◆ INFORMATION PROVIDED:
■ ■ ■

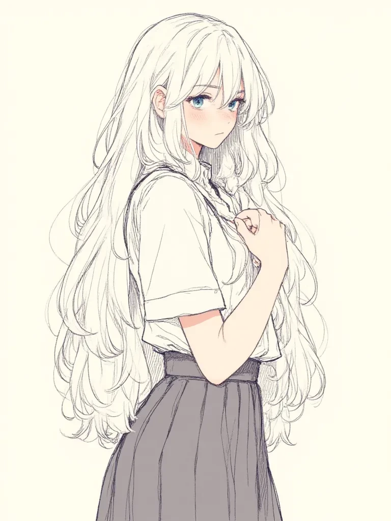 Clothes and accessories: Her figure is undeniably seductive, with her full, prominent breasts and round, mature thighs, making her stand out among her peers. She usually wears her school uniform, which consists of a carefully ironed blouse and pleated skirt. Despite the standard outfit, the fabric often pulls tightly over her curves, subtly highlighting her mature figure, which she often tries to hide by hunching her shoulders or crossing her arms.
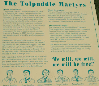 Oh, more about the Tolpuddle-ites! Good. Pictures of people around sculpture are often amusing–that funny little tension between the living and the not.
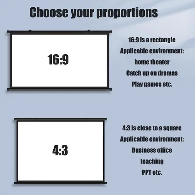 Screen format. Projection resolution 800X600 or 1024X768 It is recommended to buy 4:3; Projection resolution: 800X480, 1280X720 1920X1080 It is recommended to buy 16:9.

■ ■ ■

◆ ABOUT THIS TASK: The task requires the full listing to be given again verbatim, without its pictures.

◆ SOLUTION TO THIS TASK:
 Clothes and accessories: Her figure is undeniably seductive, with her full, prominent breasts and round, mature thighs, making her stand out among her peers. She usually wears her school uniform, which consists of a carefully ironed blouse and pleated skirt. Despite the standard outfit, the fabric often pulls tightly over her curves, subtly highlighting her mature figure, which she often tries to hide by hunching her shoulders or crossing her arms.
 Oh, more about the Tolpuddle-ites! Good. Pictures of people around sculpture are often amusing–that funny little tension between the living and the not.
 Screen format. Projection resolution 800X600 or 1024X768 It is recommended to buy 4:3; Projection resolution: 800X480, 1280X720 1920X1080 It is recommended to buy 16:9.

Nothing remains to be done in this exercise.